The input below:
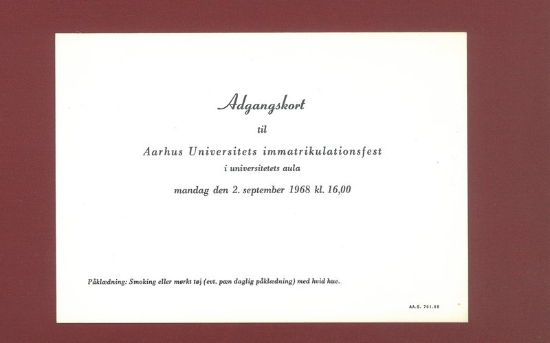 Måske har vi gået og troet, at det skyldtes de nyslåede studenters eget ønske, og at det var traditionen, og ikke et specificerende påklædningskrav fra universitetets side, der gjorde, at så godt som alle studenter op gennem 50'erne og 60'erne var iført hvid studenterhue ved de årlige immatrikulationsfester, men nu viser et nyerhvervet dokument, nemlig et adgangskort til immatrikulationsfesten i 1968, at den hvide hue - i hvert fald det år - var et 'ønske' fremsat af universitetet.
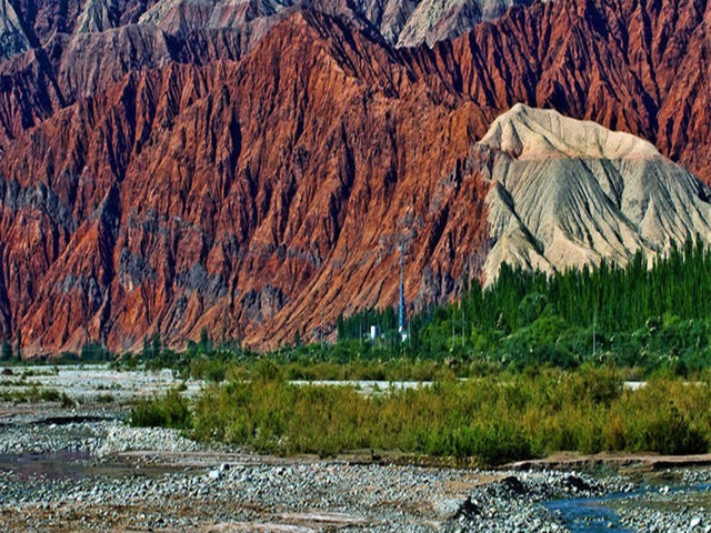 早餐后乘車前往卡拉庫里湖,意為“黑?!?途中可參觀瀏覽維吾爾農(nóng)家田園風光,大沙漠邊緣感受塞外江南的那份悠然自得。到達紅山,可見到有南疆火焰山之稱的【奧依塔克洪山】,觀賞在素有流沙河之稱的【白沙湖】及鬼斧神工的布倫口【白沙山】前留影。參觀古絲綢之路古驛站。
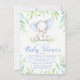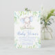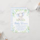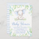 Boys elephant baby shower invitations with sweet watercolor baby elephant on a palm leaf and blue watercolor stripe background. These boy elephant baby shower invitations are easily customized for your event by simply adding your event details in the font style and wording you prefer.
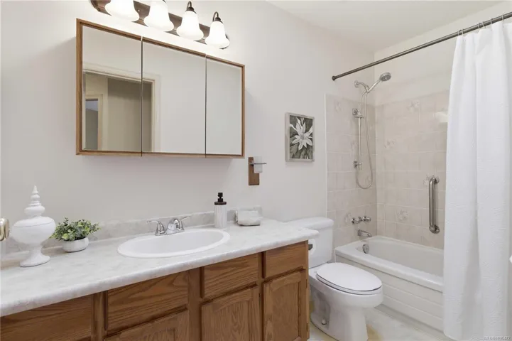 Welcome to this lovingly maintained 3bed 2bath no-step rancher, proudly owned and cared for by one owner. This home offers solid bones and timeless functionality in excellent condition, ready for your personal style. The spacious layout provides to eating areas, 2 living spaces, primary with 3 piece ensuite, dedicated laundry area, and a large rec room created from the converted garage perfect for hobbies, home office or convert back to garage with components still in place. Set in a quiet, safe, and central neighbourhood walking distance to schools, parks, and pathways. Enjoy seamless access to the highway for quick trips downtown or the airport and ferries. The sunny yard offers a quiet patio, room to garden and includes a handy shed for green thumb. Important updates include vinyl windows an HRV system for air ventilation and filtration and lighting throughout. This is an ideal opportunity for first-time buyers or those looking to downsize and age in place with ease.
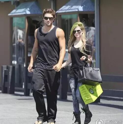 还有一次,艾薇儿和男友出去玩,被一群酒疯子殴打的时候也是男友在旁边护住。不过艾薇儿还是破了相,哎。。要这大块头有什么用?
End of The input.
Work item:
Set down, word for word, the full listing above, and carry over no pictures.

Solution:
 Måske har vi gået og troet, at det skyldtes de nyslåede studenters eget ønske, og at det var traditionen, og ikke et specificerende påklædningskrav fra universitetets side, der gjorde, at så godt som alle studenter op gennem 50'erne og 60'erne var iført hvid studenterhue ved de årlige immatrikulationsfester, men nu viser et nyerhvervet dokument, nemlig et adgangskort til immatrikulationsfesten i 1968, at den hvide hue - i hvert fald det år - var et 'ønske' fremsat af universitetet.
 早餐后乘車前往卡拉庫里湖,意為“黑?!?途中可參觀瀏覽維吾爾農(nóng)家田園風光,大沙漠邊緣感受塞外江南的那份悠然自得。到達紅山,可見到有南疆火焰山之稱的【奧依塔克洪山】,觀賞在素有流沙河之稱的【白沙湖】及鬼斧神工的布倫口【白沙山】前留影。參觀古絲綢之路古驛站。
 Boys elephant baby shower invitations with sweet watercolor baby elephant on a palm leaf and blue watercolor stripe background. These boy elephant baby shower invitations are easily customized for your event by simply adding your event details in the font style and wording you prefer.
 Welcome to this lovingly maintained 3bed 2bath no-step rancher, proudly owned and cared for by one owner. This home offers solid bones and timeless functionality in excellent condition, ready for your personal style. The spacious layout provides to eating areas, 2 living spaces, primary with 3 piece ensuite, dedicated laundry area, and a large rec room created from the converted garage perfect for hobbies, home office or convert back to garage with components still in place. Set in a quiet, safe, and central neighbourhood walking distance to schools, parks, and pathways. Enjoy seamless access to the highway for quick trips downtown or the airport and ferries. The sunny yard offers a quiet patio, room to garden and includes a handy shed for green thumb. Important updates include vinyl windows an HRV system for air ventilation and filtration and lighting throughout. This is an ideal opportunity for first-time buyers or those looking to downsize and age in place with ease.
 还有一次,艾薇儿和男友出去玩,被一群酒疯子殴打的时候也是男友在旁边护住。不过艾薇儿还是破了相,哎。。要这大块头有什么用?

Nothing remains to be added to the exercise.